Revenge is “the action of hurting or harming someone in return for an injury or wrong suffered at their hands” (Oxford online dictionary). I remember the expression ‘Revenge is a dish best eaten cold’. It implies a cool and calculating reaction to those who have treated you badly—that you should plan your revenge coldly and carefully. I can understand this approach, rather than screaming, ranting and raving toward the perpetrator who has victimized you. Hot anger is much less preferable to cold revenge. Hot anger shows the perpetrator that he or she has gotten to you, gotten under your skin, and that gives him or her power over you. Much better to play it cool and to plan revenge carefully, if that is your thing. In that way, you retain your power over yourself and the situation, and you keep the others around you guessing.

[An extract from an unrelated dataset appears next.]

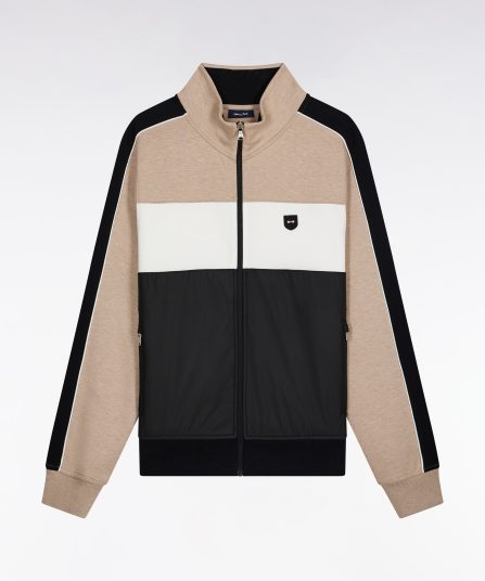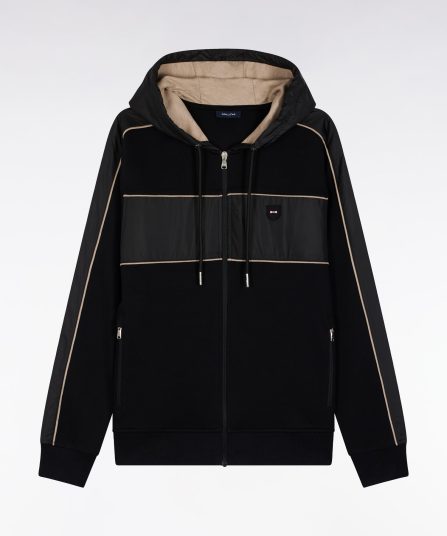 Sweatshirt zippé à capuche en molleton et nylon noir et beige

But what if revenge is not your thing? Most people who have been wronged don’t take revenge on those who have hurt them, not in big ways anyway. Most spouses who have experienced betrayal,  unfaithfulness, and/or abuse choose divorce (however messy) in order to be able to go on with their lives in a peaceful and stable way and to protect children if children are involved. Most people who have been wronged simply want to escape those who have wronged them, just want to get away from them and never see them again, or want to have as little as possible to do with them. They may achieve this, or they may not; their lives may continue to be difficult, but I’m betting that for most of them, just being free of those who have wronged them is worth gold.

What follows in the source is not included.